1.3. No Fractional Shares. Zions Bancorp will not issue fractional shares
of Zions Bancorp Stock. In lieu of fractional shares of Zions Bancorp Stock, if
any, each shareholder of the Company who is entitled to a fractional share of
Zions Bancorp Stock shall receive an amount of cash equal to the product of such
fraction times the Average Closing Price. Such fractional share interest shall
not include the right to vote or to receive dividends or any interest thereon.

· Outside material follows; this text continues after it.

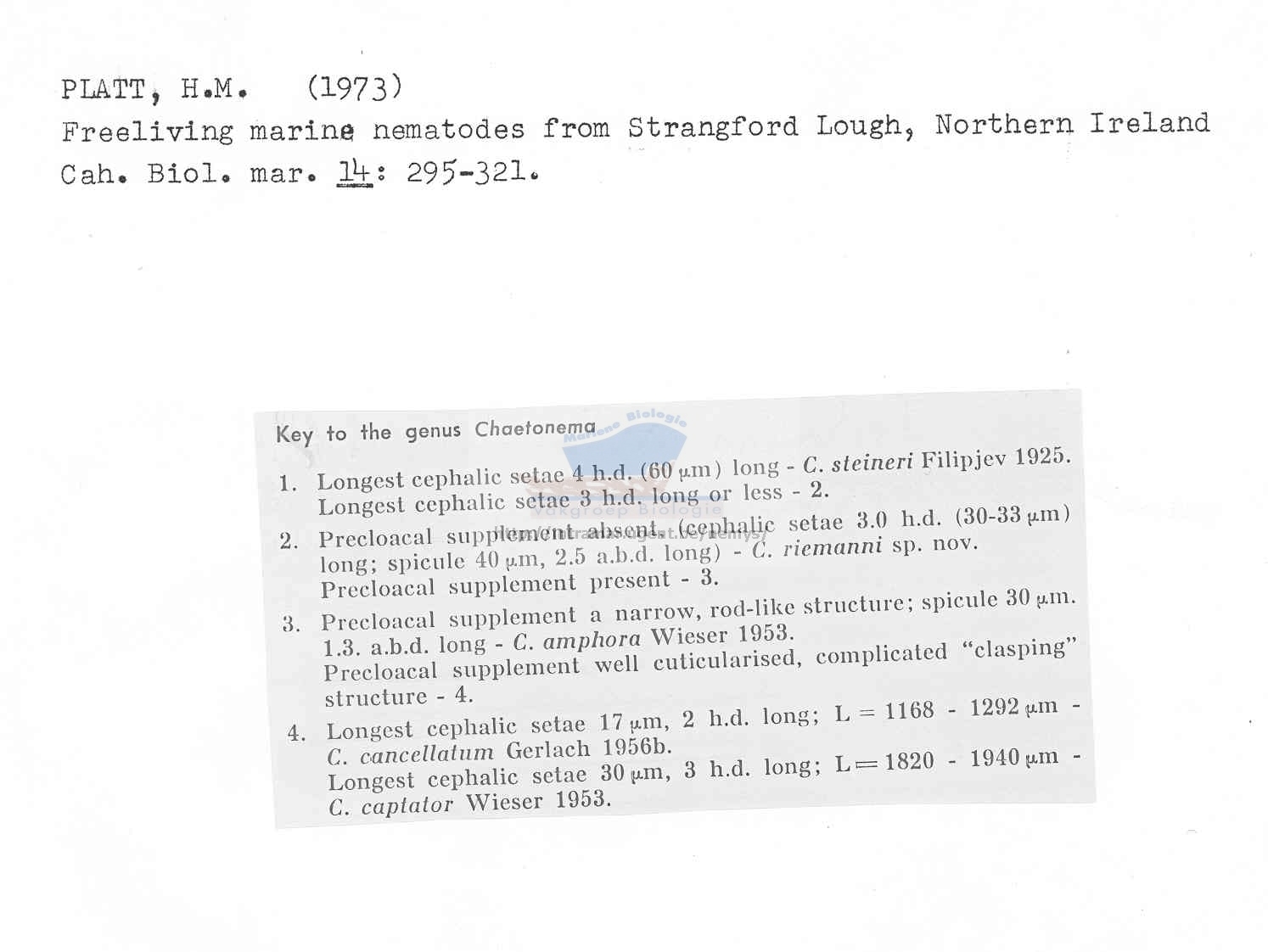 Nematode file-library of the Marine Biology Section (Ghent University, Belgium)

1.4. Dividends; Interest. No shareholder of the Company will be entitled to
receive dividends on his or her Zions Bancorp Stock until he or she exchanges
his or her certificates representing Company Common Stock for Zions Bancorp
Stock. Any dividends declared on Zions Bancorp Stock (which stock is to be
delivered pursuant to this Agreement) to holders of record on or after the
Effective Date shall be paid to the Exchange Agent (as designated in Section 1.5
of this Agreement) and, upon receipt of the certificates representing shares of
Company Common Stock, the Exchange Agent shall forward to the former
shareholders entitled to receive Zions Bancorp Stock (i) certificates
representing their shares of Zions Bancorp Stock, (ii) dividends declared
thereon subsequent to the Effective Date (without interest) and (iii) the cash
value of any fractional shares determined in accordance with Section 1.3 hereof.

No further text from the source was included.